I wish I could have posted this before your trip. Devils tower was loaded only 15 miles from where you were.


----------



## MSViking (Oct 11, 2007)

It's funny how these rigs can be, a few weeks back we fished the drillship Pathfinder, Devil's Tower and Thunderhorse all on the same day (all these rigs are with in 15 miles of one another), all were in blue water, yet only Thunderhorse was holding active tuna. You just never know when and where they will turn on!


----------



## crackerjac (Jan 11, 2011)

MSYellowfin said:


> It's funny how these rigs can be, a few weeks back we fished the drillship Pathfinder, Devil's Tower and Thunderhorse all on the same day (all these rigs are with in 15 miles of one another), all were in blue water, yet only Thunderhorse was holding active tuna. You just never know when and where they will turn on!


 I agree I think it has a lot to do with timing, you just have to be there when there up and hungry.


----------



## Justin B (Apr 4, 2011)

Looks like a hell of a trip


----------



## matttheboatman (Aug 25, 2008)

We took the trip to Venice last month. It is surprisingly easier than most overnight trips considering that once you get there, you can sleep in a hotel if you like and/or have a nice dinner - as we did before going offshore. If the fish are there, and you can hang around a couple days - I say GO, its easier than you think!
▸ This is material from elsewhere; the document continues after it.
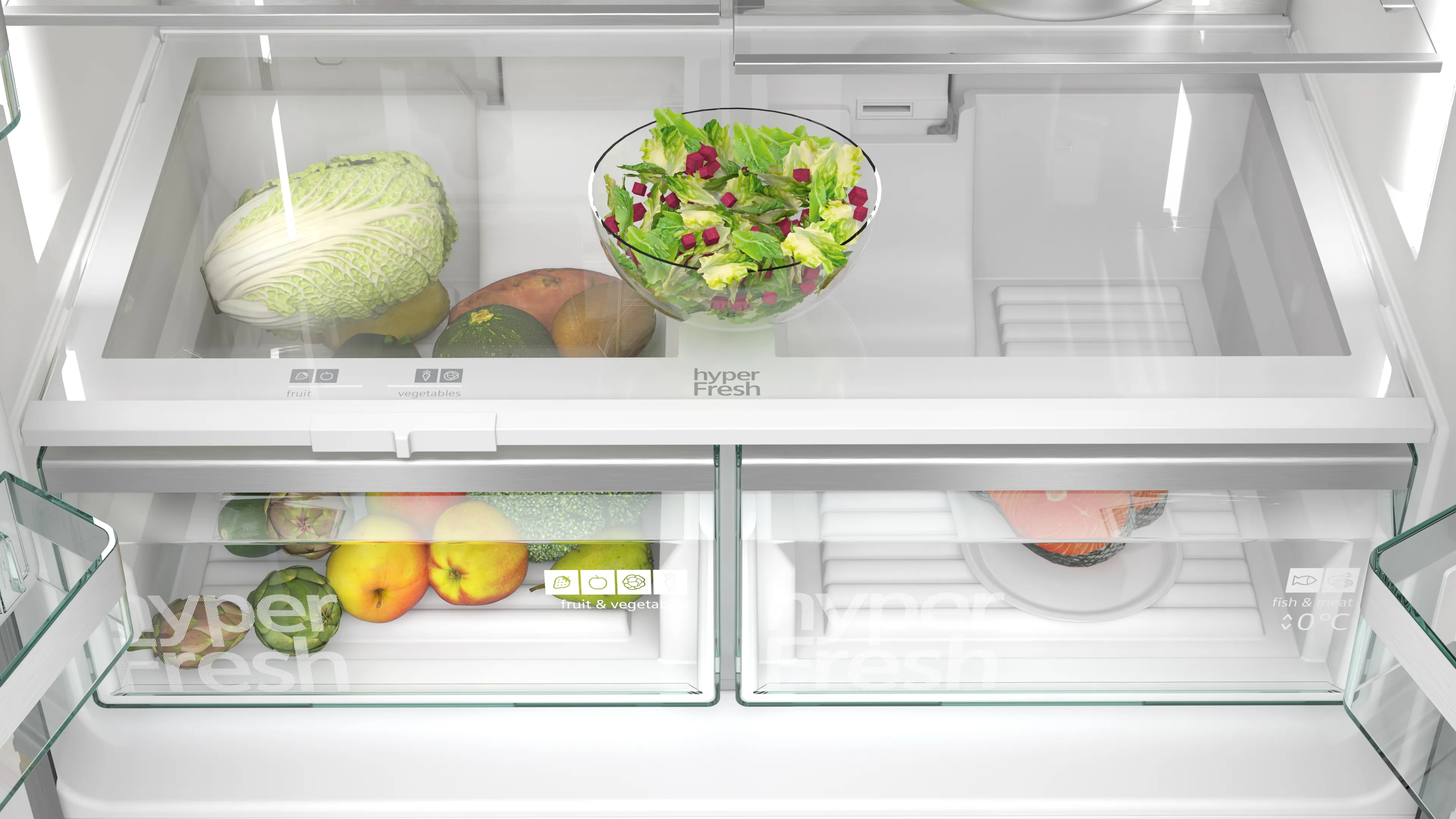 Завдяки технології Total NoFrost, ваші продукти завжди залишатимуться свіжими, а вам більше не доведеться турбуватися про обмерзання. Холодильник також обладнаний системою hyperFresh plus для оптимального зберігання фруктів та овочів, а також функцією hyperFresh bigBox, що дозволяє зручно зберігати великі тари та продукти.

WARNING: they have removed all markers (to my surprise) from the Missississippi River Gulf Outlet shipping channel. These are clearly shown on all chart plotters and runs from the Open Gulf toward New Orleans. You will see the NO bouy on your chart which is the deepwater passage across the barrier island shoals that you'll need to cross to get to Baptiste Collette from the East. In the daytime, its a no brainer. But at night, you will not have the assistance of those channel markers to keep you in deep water.


----------